## WORK REQUIRED
Print the records below exactly, from the line containing "なんと園庭に置いてある亀の水" down to the line containing "VERRIERE ovale en", both lines included, and omit every picture.
___ DATA FOR THIS TASK
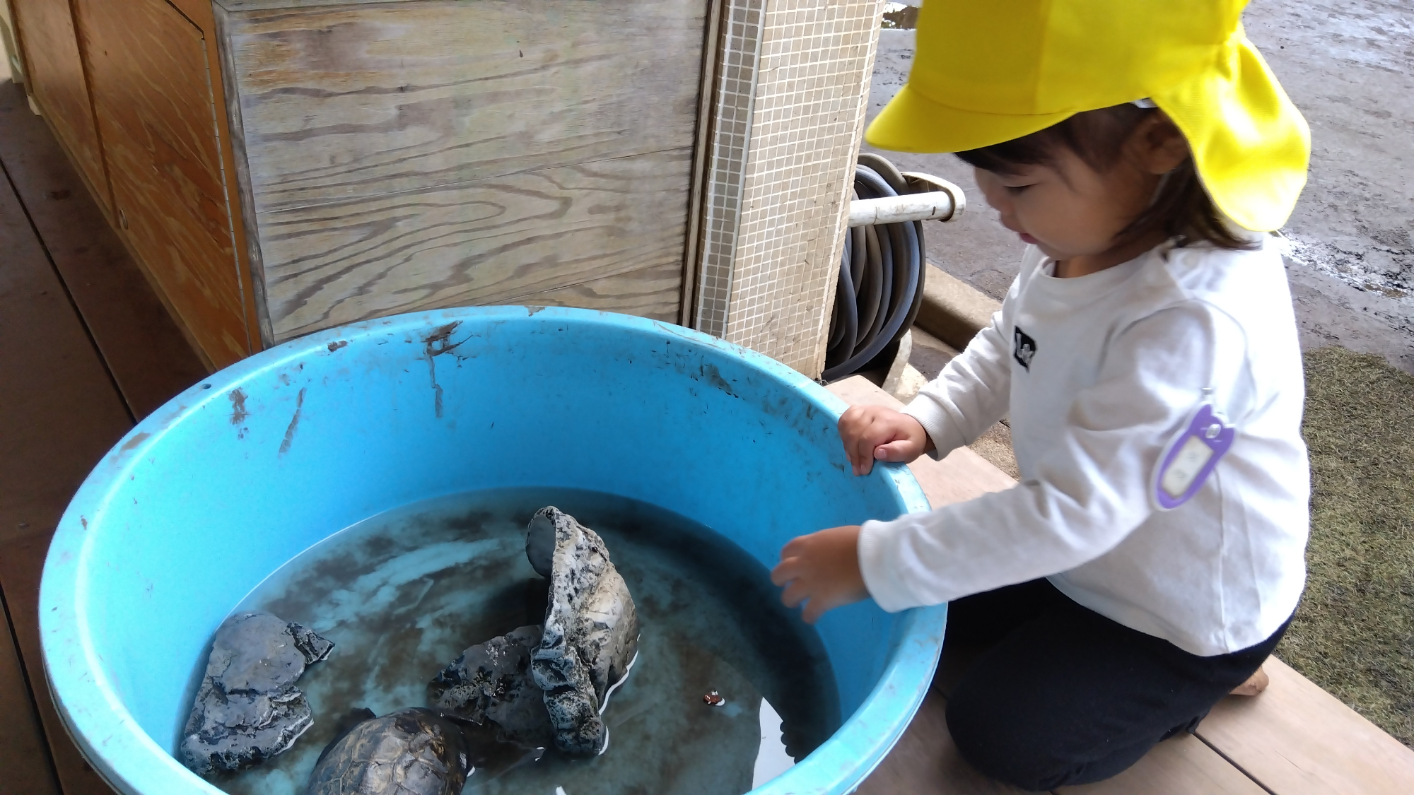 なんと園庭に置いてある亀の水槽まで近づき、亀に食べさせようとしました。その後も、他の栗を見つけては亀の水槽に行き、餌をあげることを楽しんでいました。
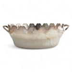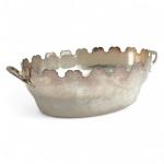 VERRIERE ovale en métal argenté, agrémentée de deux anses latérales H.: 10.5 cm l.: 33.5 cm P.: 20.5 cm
______
___ DATA FOR THIS TASK
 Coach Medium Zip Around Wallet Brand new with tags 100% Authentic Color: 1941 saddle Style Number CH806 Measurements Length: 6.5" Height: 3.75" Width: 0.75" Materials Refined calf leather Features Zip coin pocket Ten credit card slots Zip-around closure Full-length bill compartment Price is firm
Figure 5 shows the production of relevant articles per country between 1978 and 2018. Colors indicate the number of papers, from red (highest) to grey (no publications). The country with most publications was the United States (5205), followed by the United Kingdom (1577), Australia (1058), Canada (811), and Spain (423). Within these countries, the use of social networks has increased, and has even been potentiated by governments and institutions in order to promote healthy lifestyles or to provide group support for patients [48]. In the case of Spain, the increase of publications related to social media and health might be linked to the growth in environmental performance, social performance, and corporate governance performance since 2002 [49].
______
___ DATA FOR THIS TASK
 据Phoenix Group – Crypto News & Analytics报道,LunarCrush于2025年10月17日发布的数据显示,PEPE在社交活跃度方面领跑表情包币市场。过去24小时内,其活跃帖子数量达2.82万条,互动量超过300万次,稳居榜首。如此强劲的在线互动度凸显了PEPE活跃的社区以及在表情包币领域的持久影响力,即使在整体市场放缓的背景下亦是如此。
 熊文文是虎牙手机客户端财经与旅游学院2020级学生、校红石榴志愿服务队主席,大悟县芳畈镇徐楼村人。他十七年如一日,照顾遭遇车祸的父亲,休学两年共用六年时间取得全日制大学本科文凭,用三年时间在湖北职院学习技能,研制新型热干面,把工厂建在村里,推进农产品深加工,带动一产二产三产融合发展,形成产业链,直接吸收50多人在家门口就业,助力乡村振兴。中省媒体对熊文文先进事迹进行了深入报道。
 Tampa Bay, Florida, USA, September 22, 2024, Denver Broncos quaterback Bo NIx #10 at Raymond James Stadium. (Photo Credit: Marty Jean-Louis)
______
## SOLUTION TO THIS PROBLEM
 なんと園庭に置いてある亀の水槽まで近づき、亀に食べさせようとしました。その後も、他の栗を見つけては亀の水槽に行き、餌をあげることを楽しんでいました。
 VERRIERE ovale en métal argenté, agrémentée de deux anses latérales H.: 10.5 cm l.: 33.5 cm P.: 20.5 cm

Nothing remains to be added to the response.